Phew! Anyone holding her breath about how Supreme Court Justice Brett Kavanaugh would decide on women’s rights issues can exhale—tentatively. On December 10, the U.S. Supreme Court declined to hear a case brought by Kansas and Louisiana that sought to squash Medicaid funding for Planned Parenthood and other women’s reproductive health services providers. While three conservative justices would have allowed the case to proceed, Justice Kavanaugh, along with fellow conservative Chief Justice John Roberts and the court’s four liberal justices, shut it down.
This decision helps recast the court as the nonpartisan entity it is intended to be.

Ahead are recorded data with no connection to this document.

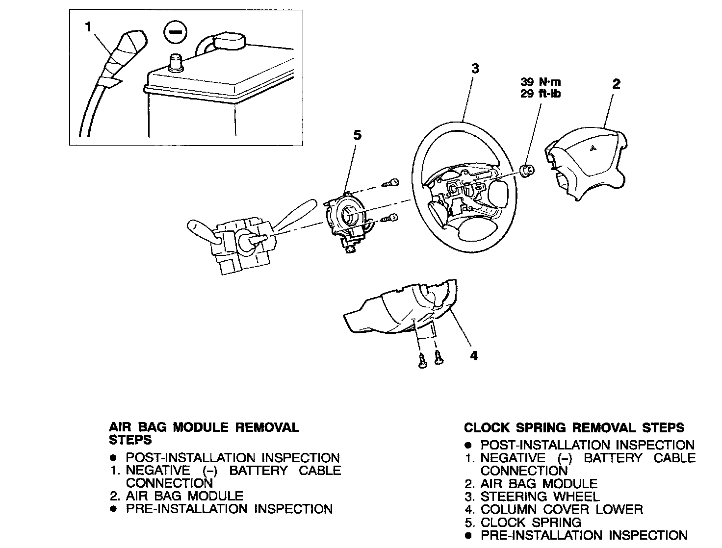WARNING:- Never attempt to disassemble or repair the air bag modules or clock spring. If faulty, replace it.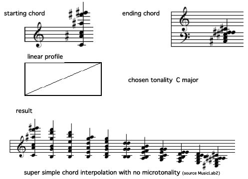The concept of the system is quite simple and effective. It is based on harmonic linear and non-linear distortions. Melodies and chords are vertically stretched and reversed. A central note could become the center of homothecy, the center of reversing or point of a stretch change. A special moment, like a cluster, could be a date for a drastic change in the pitch relations. This twisting technique has widely been used. It becomes musically interesting when the starting material has a clear logic. It is even fun to experiment with a well-known and recognizable component. For instance, the harmonic logic can sometimes be easily understood with tonal music. Using Debussy or Brahms extracts or re-arrangements from them as starting point raises many interesting questions about the necessity for simple music, the necessity for tonal music, copyrights and even about sampling excerpts. Those questions can be wiped out if the composer chooses not to clearly show where it is coming from. But it is more fun to at least show it once in a time.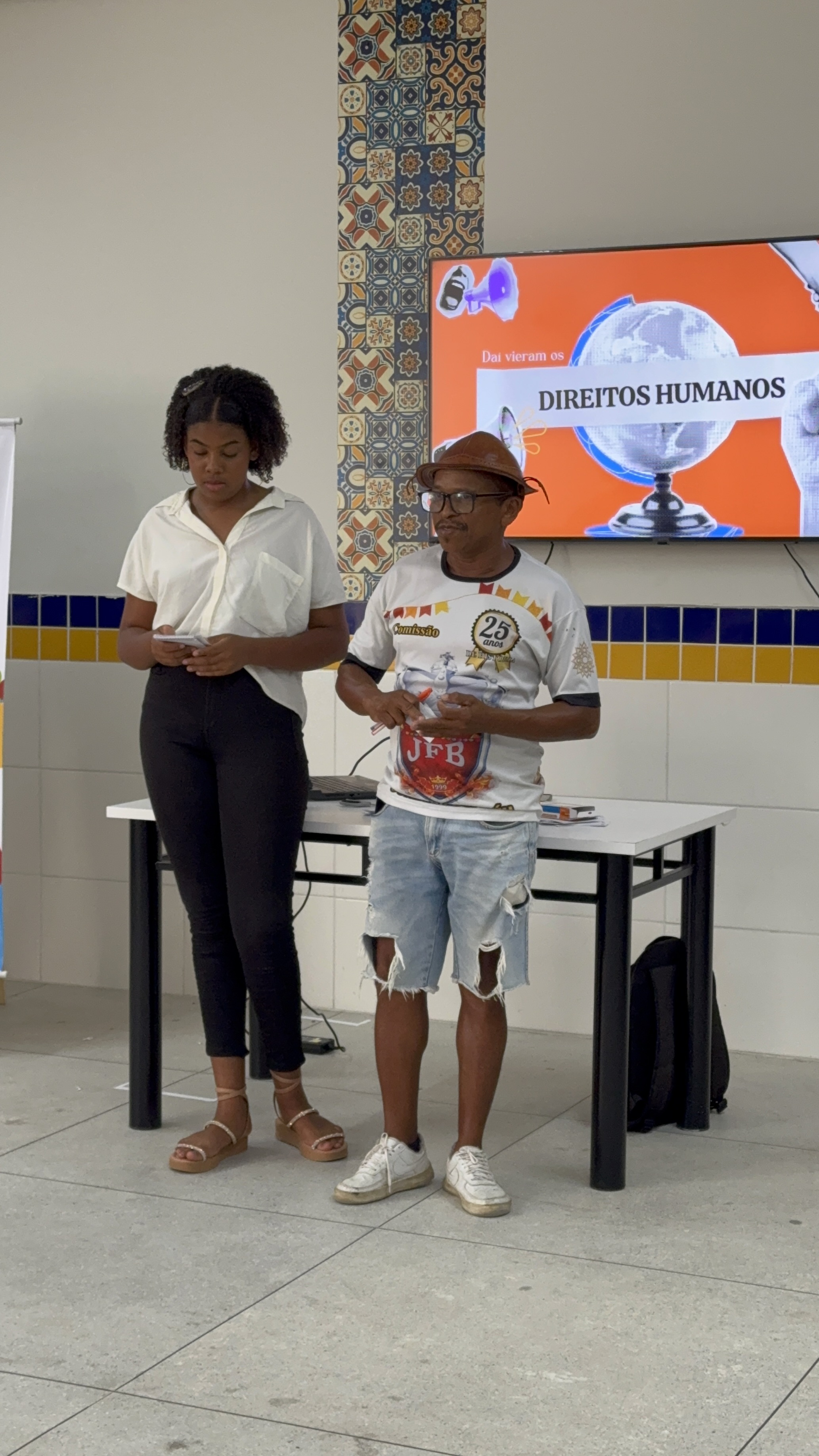 A palestra principal, “Por uma Cultura de Direitos”, foi conduzida por Jéfte Amorim (jornalista, mestre em Extensão Rural e Desenvolvimento Local, doutorando em Educação Matemática e Tecnológica e ativista de Direitos Humanos). Ele estimulou dinâmicas interativas e reflexões acessíveis, mesmo para participantes sem letramento, promovendo um ambiente inclusivo.

The case, an attempt to block Medicaid funding for such basic services as vaccines, cancer screening, and prenatal care for low-income women, did not involve federal money for abortion, which is barred by law. It dates back to 2015, when largely discredited videos trying to depict Planned Parenthood as purveyors of fetal tissue were released by an anti-choice group. Swayed by the bogus clips, several states pulled the plug on Medicaid provider agreements with Planned Parenthood and similar organizations, which in turn sued—and won. The Supreme Court, in refusing to hear the states’ appeals, upheld the lower courts’ findings.
A Right to Healthcare
Following the ugly nature of the Kavanaugh confirmation hearings, complicated disturbingly by several women accusing him of sexual misconduct and further fueling the nation’s divisiveness, this decision helps recast the court as the nonpartisan entity it is intended to be. As Justice Elena Kagan stated in October: “An incredibly important thing for the court to guard is this reputation of being fair, of being impartial, of being neutral, and not being simply an extension of the terribly polarized political process and environment that we live in.”

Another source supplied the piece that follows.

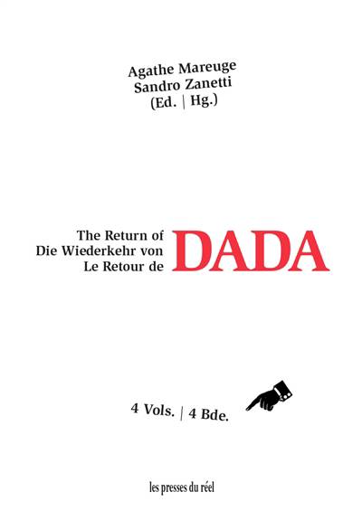 Cet ouvrage retrace le processus de (ré-)invention de Dada notamment dans les années 1950 et 1960, entre autres par ses acteurs même, et étudie dans quelle mesure les impulsions données par Dada sont encore pertinentes pour l'analyse et les débats esthétiques, littéraires et culturels d'aujourd'hui. Plus que de simples actes de colloque, la publication, structurée en quatre volumes (Filiations, Expositions, Traces et Historiographies), est augmentée de nombreux documents (listes d'exposition, de publications, entretiens) ainsi que de certaines contributions ultérieures au colloque. Publié suite au colloque international éponyme organisé par Agathe Mareuge et Sandro Zanetti au Cabaret Voltaire, Zurich, en 2016, à l'occasion du centenaire de Dada.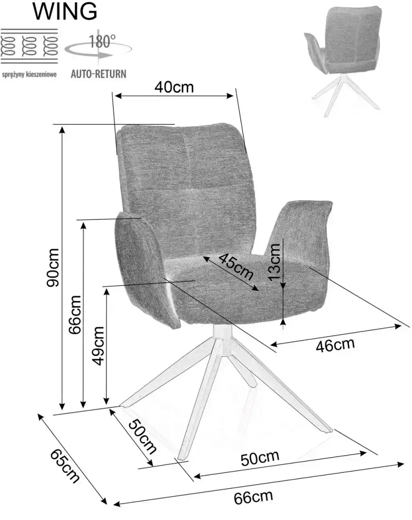 - Mechanizm auto-return – siedzisko obracane o 180°, wraca automatycznie do pozycji wyjściowej

“Every person has a fundamental right to health care, no matter who they are, where they live, or how much they earn,” Leana Wen, MD, president of Planned Parenthood Federation of America, said in regard to the victory. “As a doctor, I have seen what’s at stake when people cannot access the care they need, and when politics gets in the way of people making their own health care choices. We won’t stop fighting for every patient who relies on Planned Parenthood for life-saving, life-changing care.”